Пете, который звонил мне за эти дни несколько раз, я скучным голосом отвечала, что совсем расклеилась, мигрень меня доконала, на неё, наверное, наслоился какой-то грипп, и что нет, непохоже, чтобы я оправилась к Новому году. Он меня всячески подбадривал, рвался приехать навестить и говорил, что больные женщины — его слабость. Рассудок подсказывал, что хоть тут-то не надо сжигать все мосты, но я вяло, хоть и упорно, отказывалась от всего.
Двадцать четвёртого вечером я, ложась спать, накапала в стакан валерьянки (засыпалось все эти дни плоховато), чокнулась им с металлическим абажуром настольной лампочки, произнесла тост: «За новую жизнь», выпила и погасила свет. И, как ни странно, моментально заснула, как отключилась. Наверное, организм решил, что раз все равно все кончилось, можно и поспать.
Разбудили меня какие-то трели. Звонкие, длинные… Да это же телефон! Спросонок, путаясь в темноте в одеяле, тапочках, стуле, я заметалась по комнате. Где же он звенит, проклятый? Пытаясь нашарить телефон на столе, наткнулась рукой на настольную лампу, включила. Схватила трубку. Попутно взглянула на будильник возле кровати. Полтретьего! Мать честная…
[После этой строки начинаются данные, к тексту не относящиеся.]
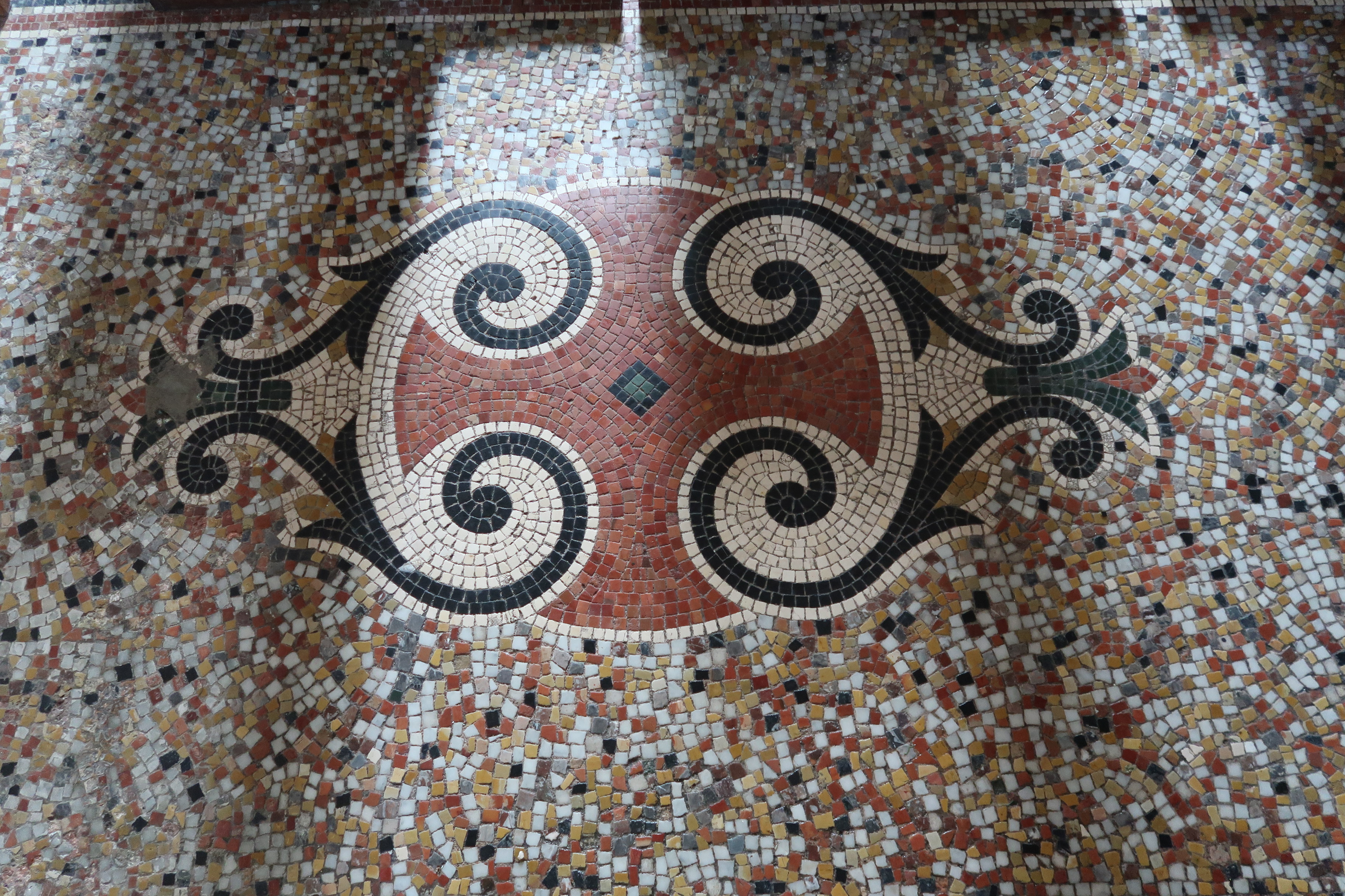 Détail des décors de mosaïque Odorico couvrant le sol de l'église

— Алло, — мой голос прозвучал хрипло и испуганно.
— Арин, это я! — в трубке шептали, и я не сразу узнала — кто.
— Кто это?
— Арин, это я. Ну я же, — теперь я узнала Марину. — У меня тут такое…
— Что, скандал в разгаре?
— Хуже. Все ужасно. Я потом расскажу.
Интересно, зачем тогда звонить среди ночи? Стоять на полу босиком было холодно, и я вместе с телефоном вернулась в кровать.
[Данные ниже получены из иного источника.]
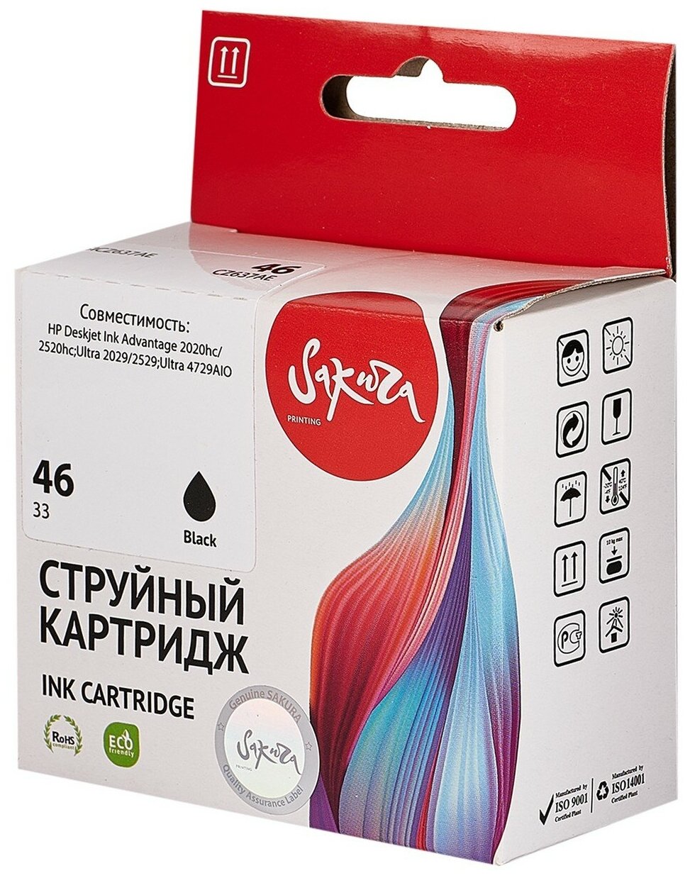 Картридж струйный Sakura 46 / CZ637AE черный, пигментный тип, 33 мл., 1600 стр. для HP (SICZ637AE)

— Арин, я не знаю, что делать. Я пропала. Ты должна мне помочь.
Разбежалась. Я её предупреждала. А теперь фигушки. Как я ей помогу?
Я не успела произнести ни слова из своей мстительно-воспитательной тирады, как Марина сказала, вернее, прошептала в трубку:
— Валя сказал, мы завтра утром улетаем в Швейцарию. К Мите. Ты понимаешь, что там будет?
С меня враз слетели остатки сна. Я подскочила в постели. Ещё бы мне не понять. Митя! Точно, мы с Валькой всегда летали к нему в этот день, двадцать пятого, на Рождество. Это было настолько в порядке вещей, что даже не обсуждалось специально. Вот он и не говорил заранее. А я тоже хороша! Забыла про собственного ребёнка… Марине нельзя туда ехать, это ясно — Митя не Валька, он-то узнает родную мать. И потом, я без всяких разговоров должна ехать к нему сама, я этого полгода ждала. Значит…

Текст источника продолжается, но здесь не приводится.